Bar chart showing a representation of COG families annotation of core COGs and whole pan-genome COGs. Each COG family is identified by a one-letter abbreviation: A, RNA processing and modification; B, chromatin structure and dynamics; C, energy production and conversion; D, cell cycle control and mitosis; E, amino acid metabolism and transport; F, nucleotide metabolism and transport; G, carbohydrate metabolism and transport; H, coenzyme metabolism; I, lipid metabolism; J, translation; K, transcription; L, replication and repair; M, cell wall/membrane/envelope biogenesis; N, cell motility; O, post-translational modification, protein turnover, and chaperone functions; P, inorganic ion transport and metabolism; Q, secondary structure; T, signal transduction; U, intracellular trafficking and secretion; Y, nuclear structure; V, defense mechanisms; Z, cytoskeleton; W, extracellular structures; R, general functional prediction only; S, function unknown. By using the computational procedure described above, we constructed L. garvieae- and Lactococcus-specific clusters of orthologous genes (LgCOGs and LCOGs, respectively) from the proteins encoded in the genome of the 11 sequenced L. garvieae, three L. lactis subsp. cremoris, two L. lactis subsp. lactis and one L. raffinolactis (Table 3). A total of 1491 LgCOGs were found to be specific to the 11 L. garvieae genomes, with L. garvieae DCC43 genome showing the highest presence of unique genes (383), representing 25% of the total specific LgCOGs (Figure 6 A). About 70% of the total core genes were also conserved in the six sequenced Lactococcus genomes, suggesting that these genes may constitute the core genome of lactococci, likely inherited from a common ancestor (Figure 6 B).

Figure 6

Genomic diversity of the Lactococcus species.

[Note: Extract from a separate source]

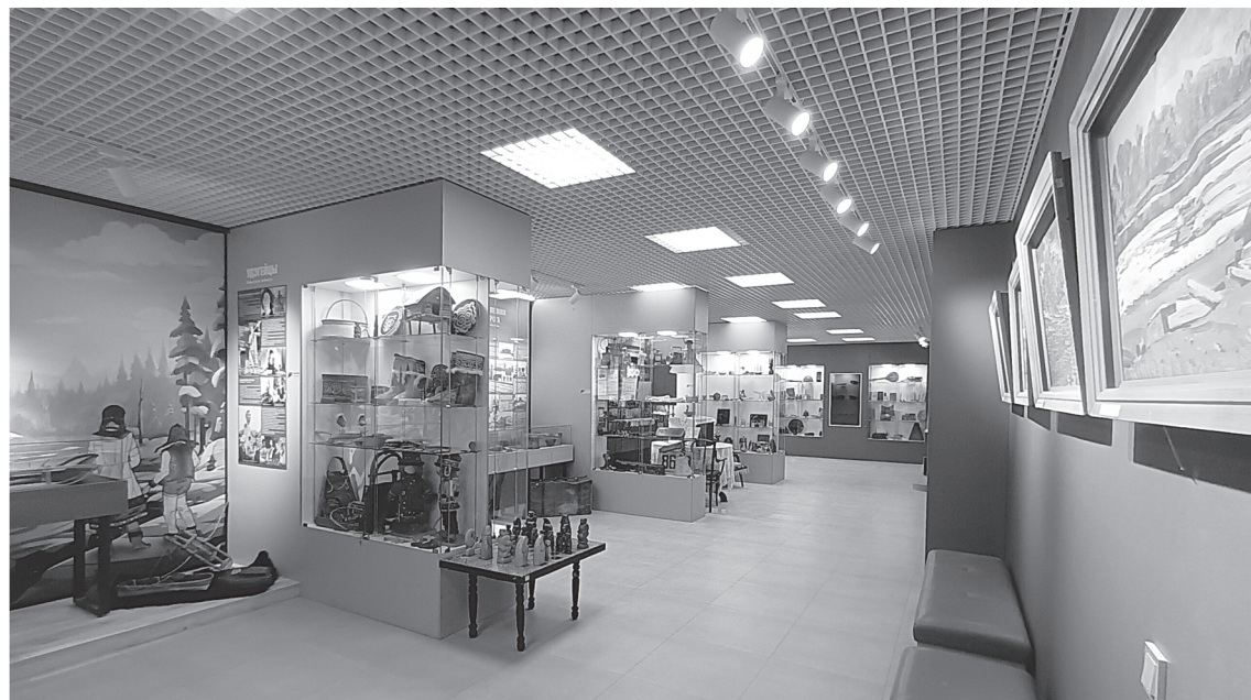
Обновленный районный музей ждёт гостей.

Особый момент: в музее скоро заработает подъемник, благодаря которому познакомиться с музейными экспозициями и побывать на его мероприятиях те-

Venn diagram of core COGs (Clusters of Orthologous Genes) shared between all the strain analyzed and COGs unique to each single strain.

Genomic diversity of the Lactococcus species.

Venn diagram of core COGs (Clusters of Orthologous Genes) shared between all the strain analyzed and COGs unique to each single strain.

Conclusions

The lack of knowledge about ecological and functional role of Lactococcus garvieae in niches other than fish sector, makes this emerging pathogen attractive to examine in its evolutionary history and in its global complexity. Thus, selected L. garvieae strains of our collection coming from various food sources, as well as seven L. garvieae genomes of clinical and animal isolates available in databases, were characterized through MLST and whole-genome comparison analyses. The MLST identified two branches containing the majority of the strains, grouped into two main subgroups, and other two bearing the single strain each. The obtained phylogenetic tree including strains of L. lactis subsp. lactis and L. lactis subsp. cremoris, indicates that L. garvieae “separated strains” (I113 and DCC43) appeared first and may be considered the evolutionary missing link between L. lactis and L. garvieae. It is plausible to assume that the strains belonging to the main subgroups could have emerged more recently. Our study also provides a first insight in the core and pan-genome of L. garvieae. The core genome consists of 1341 OGs, the dispensable gene pool is estimated to be about 2760 OGs. This accessory genome represents a large proportion of the total genes present within the L. garvieae genome, and could suggest the cosmopolitan lifestyle of L. garvieae species. Moreover, many genes were found to be specific to the 11 L. garvieae genomes, with DCC43 genome showing the higher portion of unique genes. In accordance to the genetic phylogeny, the comparison of 11 complete genomes of L. garvieae highlighted the majority of L. garvieae strains to belong to two major subgroups. The obtained consensus tree also suggests the strain DCC43 as the most ancestral lineage of the L. garvieae species, when rooted with L. lactis sequences. As proposed by Gabrielsen et al. [37], this evolutionary intermediate could represent a novel L. garvieae sub-species.

Materials and Methods

Lactococcus Garvieae Strains

Lactococcus garvieae strains tested comprise four strains isolated from diseased fish (Lg9; Lg19; V63, V79), four strains isolated from dairy products (G27, G07, TB25, G01), five strains isolated from meat and meat products (Smp3, Po1, Tac2, Bov3, I113), four from vegetables (Ins1, Sed2, Br3, Br4), one from cereals (Far1) and the type strain of the species DSM20684T. For four of these strains, the whole genome sequence was previously obtained (TB25 - accession number NZ_AGQX00000000; Lg9 - NZ_AGQY00000000; I113 - NZ_AMFD00000000; Tac2 - NZ_AMFE00000000) [34], [38]. The strains were grown in M17 broth (Difco, Detroit, USA) supplemented with 10 g L−1 glucose (M17-G) at 37°C for 24 h. Stock cultures were maintained at −80°C in M17-G with 15% glycerol.

DNA Extraction and 16S rRNA Sequencing

DNA was extracted as previously described [39], starting from 100 µL of M17-G broth culture. The concentration and purity of the DNAs were determined with a UV-Vis spectrophotometer (SmartSpecTM Plus, Biorad, Milan, Italy). 16S rRNA amplifications were performed as previously reported [24]. Nucleo Spin Extract II (Macherey-Nagel GmbH, Düren, Germany) was used to purify PCR products that were sequenced using the dideoxy chain-termination principle [45], employing ABI Prism Big Dye Terminator Kit (Applied Biosystems, Foster City, CA). The reaction products were analyzed with the ABI PrismTM310 DNA Sequencer. The database searches were performed by using the basic local alignment tool (BLAST) programs [46] from the National Center for Biotechnology Information website. The phylogenetic tree was constructed using the UPGMA method [47].

Multi Locus Sequence Typing (MLST)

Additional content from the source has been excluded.